Clarina syriaca is a moth of the family Sphingidae. *

Distribution 
It is found from northern Turkey south to northern and western Syria, Lebanon, northern Jordan and Israel. It is also present in central Cyprus. In southern Turkey this species appears to have spread farther west in recent years and can now be found up to Antalya. It is often treated as a subspecies of Clarina kotschyi.
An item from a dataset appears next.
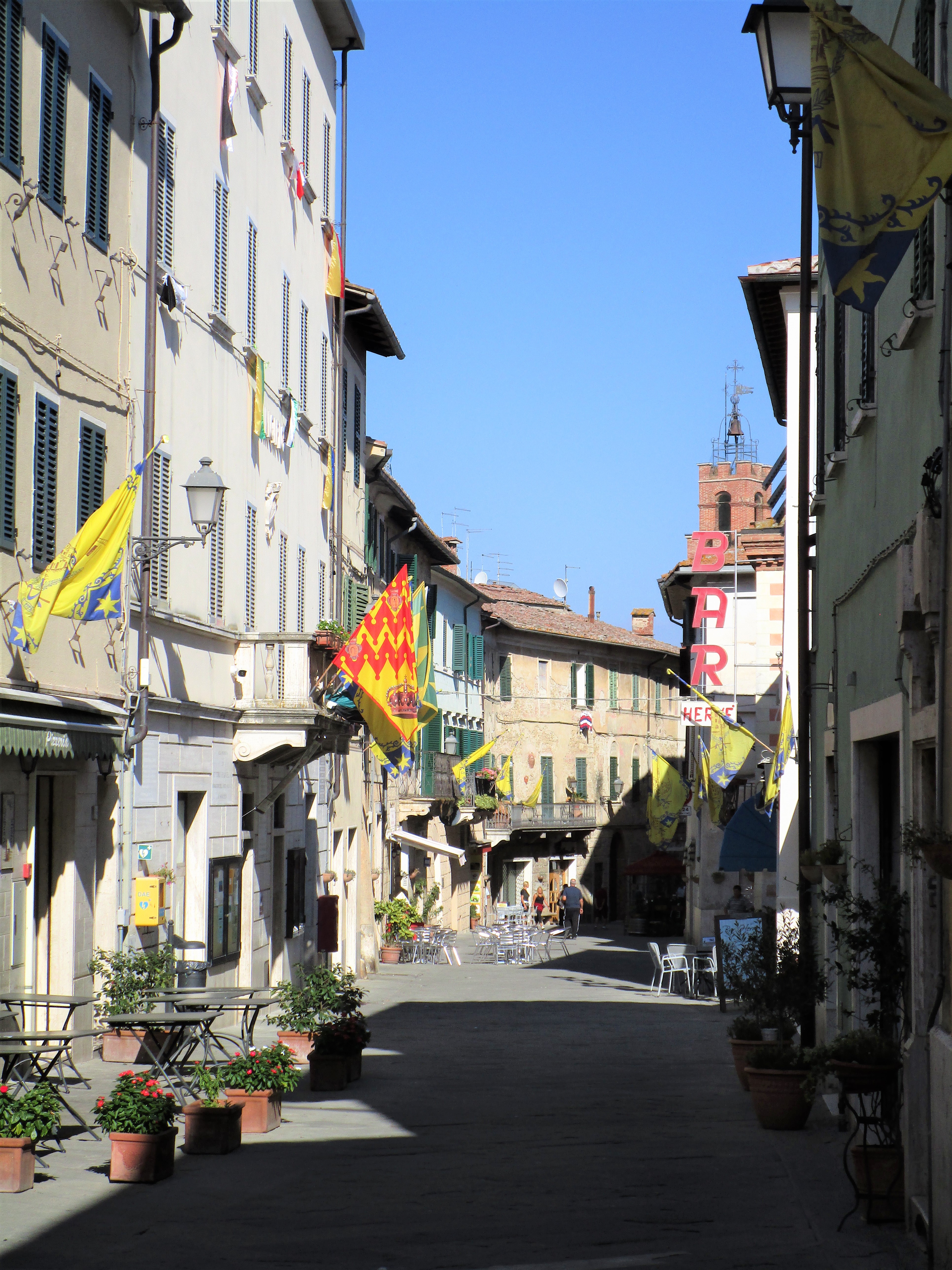 Yesterday was a touring day through the highlands of Tuscany. No real destination, just a few small towns and of course, cathedrals and castles. First town was Radda in Chianti, another beautiful medieval town, that at the time of our arrival, was just waking up. Couple bistros open with a few men enjoying their morning with coffee and conversation. Familiar scene here in these small towns, groups of men sitting at a table chatting, women at another table doing the same. Age doesn’t seem to be a factor, good mix of young and old just starting their day slowly.

It favours cultivated valley floors with boulder-strewn streams bordered by vine-covered trees and shrubs. It is also found on hillsides and in mountain valleys with shrubs and isolated trees, and in vineyards. In southern Turkey it is common in the valleys of the foothills of the Toros Mountains where they rise from the coastal plain. Villas and farmhouses with pergolas covered with grapevines are especially favoured.

Description 
The wingspan is 50–65 mm. It is variable in colour (some individuals are more tawny than others) and size. Males are paler than females. The forewing upperside bands and lines are distinct. The pattern is similar to that of Darapsa choerilus. There are two generations per year with adults on wing from May to early July and again in August and September.

Biology 
The larvae have been recorded feeding on Vitis and Parthenocissus species. It generally favours vines of Vitis vinifera hanging down walls, cliffs and from trees.